PROBLEM REQUIREMENTS: Look below for the lines from the one with "e836b0a93da6ed5602fdda48a95fbf74_XL Published 14" to the one with "февраля Понедельник Пусть", and copy exactly those lines, both ends included.

GIVEN RECORDS:
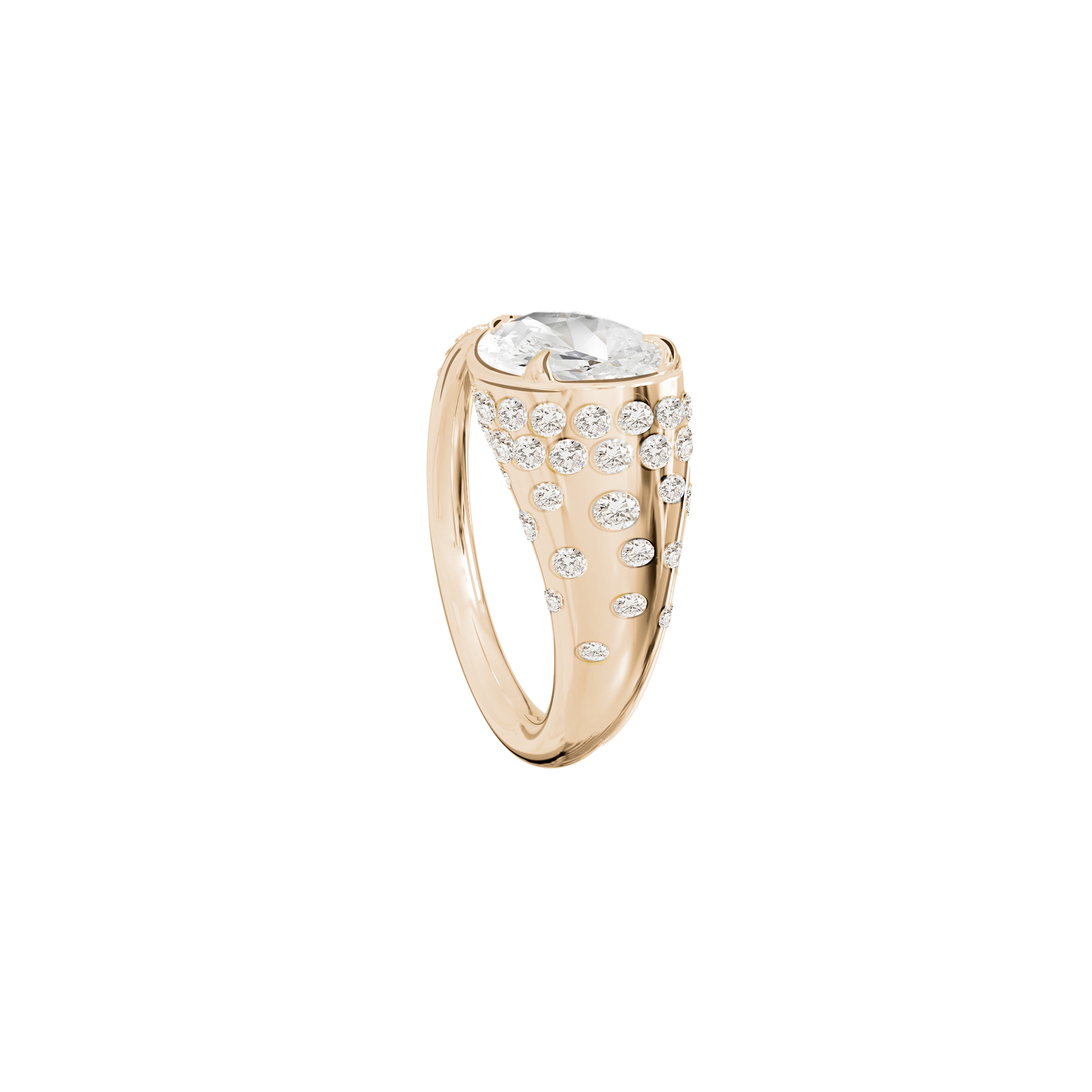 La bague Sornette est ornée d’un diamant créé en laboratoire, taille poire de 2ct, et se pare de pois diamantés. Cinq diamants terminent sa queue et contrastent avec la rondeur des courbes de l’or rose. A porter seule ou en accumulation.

...

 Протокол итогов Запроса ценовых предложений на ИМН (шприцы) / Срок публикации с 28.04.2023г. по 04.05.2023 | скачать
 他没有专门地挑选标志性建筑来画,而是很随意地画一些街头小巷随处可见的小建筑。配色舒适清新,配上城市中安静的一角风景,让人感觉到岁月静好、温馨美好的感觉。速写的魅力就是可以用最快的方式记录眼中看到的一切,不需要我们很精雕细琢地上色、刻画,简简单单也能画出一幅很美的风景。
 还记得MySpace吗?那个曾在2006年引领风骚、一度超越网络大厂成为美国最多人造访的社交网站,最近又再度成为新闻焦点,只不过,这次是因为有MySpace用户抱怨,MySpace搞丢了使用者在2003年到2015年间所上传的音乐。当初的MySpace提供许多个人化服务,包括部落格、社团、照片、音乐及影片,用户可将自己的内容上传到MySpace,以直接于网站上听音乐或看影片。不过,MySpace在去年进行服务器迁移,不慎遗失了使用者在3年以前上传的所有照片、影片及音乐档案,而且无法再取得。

* * *

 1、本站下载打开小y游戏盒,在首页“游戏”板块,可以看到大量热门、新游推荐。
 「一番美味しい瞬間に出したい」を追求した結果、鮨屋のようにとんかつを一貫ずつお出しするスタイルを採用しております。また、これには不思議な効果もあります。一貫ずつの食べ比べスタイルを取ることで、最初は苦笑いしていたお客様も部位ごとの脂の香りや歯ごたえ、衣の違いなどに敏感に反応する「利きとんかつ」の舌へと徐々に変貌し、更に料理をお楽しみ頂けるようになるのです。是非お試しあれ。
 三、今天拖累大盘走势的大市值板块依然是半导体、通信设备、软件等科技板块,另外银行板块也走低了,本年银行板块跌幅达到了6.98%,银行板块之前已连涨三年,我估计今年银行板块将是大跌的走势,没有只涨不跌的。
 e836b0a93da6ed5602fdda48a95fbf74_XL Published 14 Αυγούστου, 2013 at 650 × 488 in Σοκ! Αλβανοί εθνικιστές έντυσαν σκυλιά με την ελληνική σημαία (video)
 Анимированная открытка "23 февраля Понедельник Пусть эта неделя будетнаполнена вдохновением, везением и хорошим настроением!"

RESPONSE FOR THIS EXERCISE:
 e836b0a93da6ed5602fdda48a95fbf74_XL Published 14 Αυγούστου, 2013 at 650 × 488 in Σοκ! Αλβανοί εθνικιστές έντυσαν σκυλιά με την ελληνική σημαία (video)
 Анимированная открытка "23 февраля Понедельник Пусть эта неделя будетнаполнена вдохновением, везением и хорошим настроением!"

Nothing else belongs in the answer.